I didn’t want to go that day, but my mother said we were lucky and had to give back. I was fine with just being lucky, but she was feeling all do-goody and dragged me to the church where they were handing out cleaning supplies and clothes and old people in World’s Best Grandma sweatshirts were drinking coffee and telling kids to keep it down. In the kitchen, a lady loaded our summer cooler with hot food coming off a big silver stove.
We were runners, she told us; our job was to deliver meals to the beach, where the storm had hit hardest. At the barricade, I thought it was cool when the National Guard checked off our names and waved us through, but my mother didn’t think it was a list you wanted to be on. These people are in a bad way, she said, driving slow around curbside mountains of trash. “How’d you like to throw out everything you own?” she asked.
I was too busy holding my breath to answer; our car stank from the egg sandwiches in the back. I thought I was just keeping her company until we got to a small white house boxed in by walls of sand, its front door sprayed with a bright orange X. My mother double-checked her paper. “That’s it. 44. Fred and June.” From the back seat she stuffed egg sandwiches, bananas and bottled waters into a plastic bag and shoved it toward me. “Go on.”
I exhaled in protest. “Why do I have to…”
“Don’t argue with me, Spence. These poor people lost everything. And Spence: be polite.”
I was so annoyed I forgot to be nervous.
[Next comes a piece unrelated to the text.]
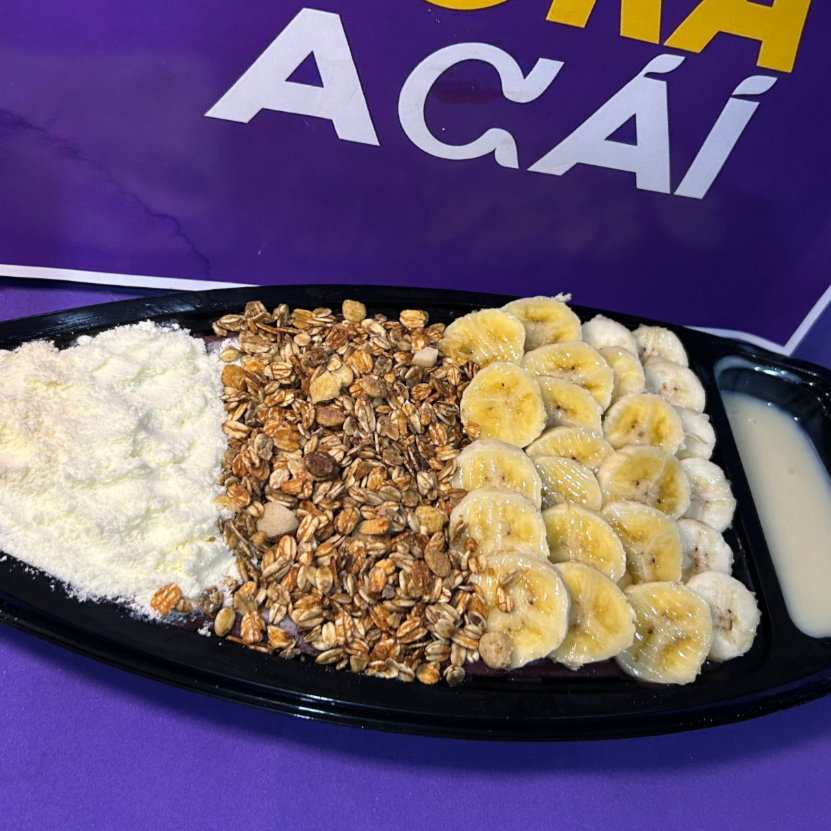 2 Açaís 300ml + 3 complementos grátis Ideal para dividir ou aproveitar em dobro!

Fred answered the door. He was old—my grandpa old—wearing layers of clothes against the cold: pants tucked into thick white socks that came halfway to his knees, a plaid scarf wrapped around his neck.
I tried to hand him the food at the door and go, but Fred made me come inside. Behind him, in the living room, sparks shot from logs crackling in the fireplace. “What’s your name, son?”
When I told him, he rustled through coffee table newspapers for a scrap of paper, writing down my name with a stubby pencil from his pocket.
In the kitchen, Fred had a saucepan going on every burner, a three-ring circus. “Say hello to June, Spencer.” I raised my hand to the lady at the table. Lit by the sun as she was, June might have been an angel. Everything about her shimmered: snowy hair, pale skin, white nightgown.
“June doesn’t go out any more.” Fred juggled saucepans, pouring this and that on a dish and setting it in front of June, whose clenched hands stayed on her lap. Jumping around the way he was, I was afraid Fred’s scarf would catch fire. In the car, after I said goodbye, I worried he’d forget and leave a burner going.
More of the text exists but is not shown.